===== RECORDS SHOWN =====

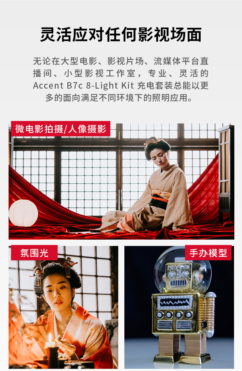 It comes standard with a portable outer film box, creators can carry 8 Accent B7c at the same time, high-strength engineering plastic box shell, anti-cutting and durable, up to 200KG, with high-density lining, it will minimize transportation damage to the lamp. Make shooting easy and worry-free.
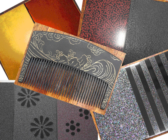 Japán lakktechnikai mintalapok I-IV és fésű lakkozása fa/japán lakk, arany, ezüst, gyöngyház 2007.
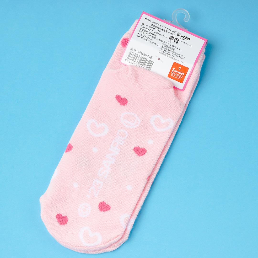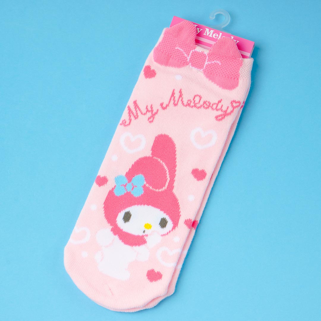 Wear a cozy outfit with this pair of kawaii socks! It features a cute print of My Melody with a background full of hearts and a bowtie on top.
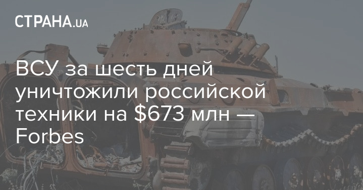 Издание Forbes подсчитало, что ВСУ уничтожили российской техники на $673 млн за шесть дней активного контрнаступления - с 6 по 11 сентября.
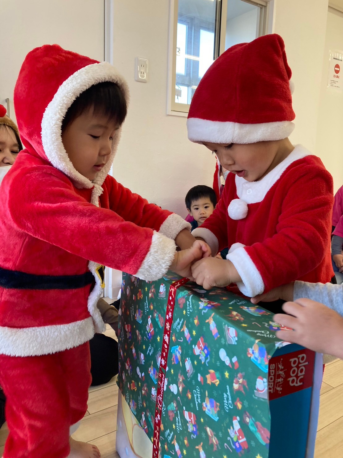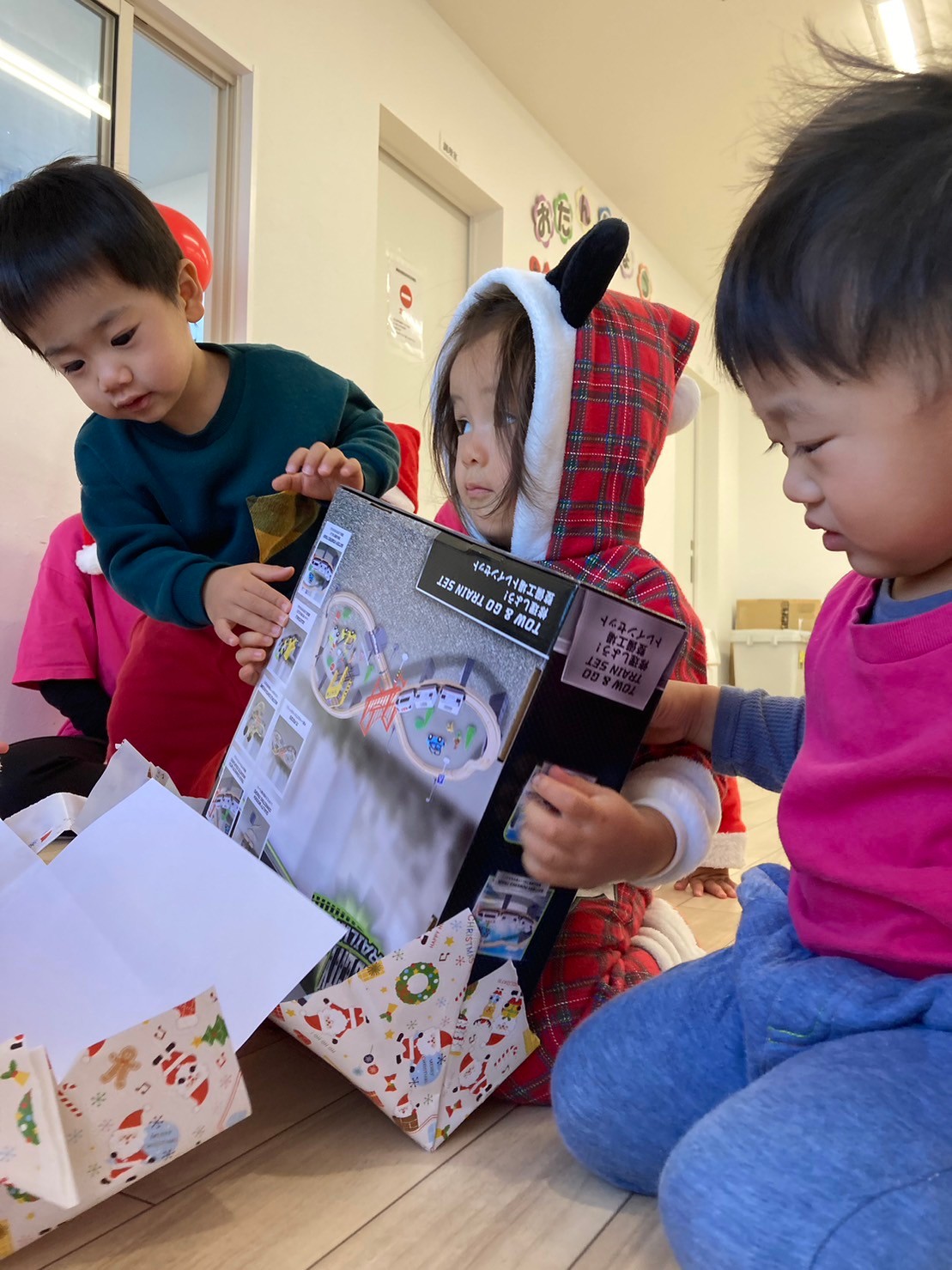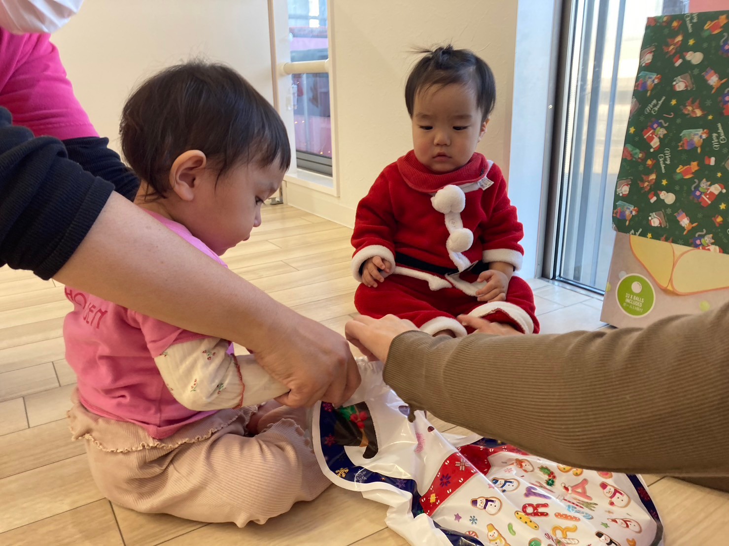 「今日はクリスマス会だよー」と言うと、「いえーい!」「やったー」と大盛り上がりです。

=====

DIRECTIONS -
All entries above must be duplicated exactly; please omit any picture they hold.

RESPONSE TO THIS EXERCISE -
 It comes standard with a portable outer film box, creators can carry 8 Accent B7c at the same time, high-strength engineering plastic box shell, anti-cutting and durable, up to 200KG, with high-density lining, it will minimize transportation damage to the lamp. Make shooting easy and worry-free.
 Japán lakktechnikai mintalapok I-IV és fésű lakkozása fa/japán lakk, arany, ezüst, gyöngyház 2007.
 Wear a cozy outfit with this pair of kawaii socks! It features a cute print of My Melody with a background full of hearts and a bowtie on top.
 Издание Forbes подсчитало, что ВСУ уничтожили российской техники на $673 млн за шесть дней активного контрнаступления - с 6 по 11 сентября.
 「今日はクリスマス会だよー」と言うと、「いえーい!」「やったー」と大盛り上がりです。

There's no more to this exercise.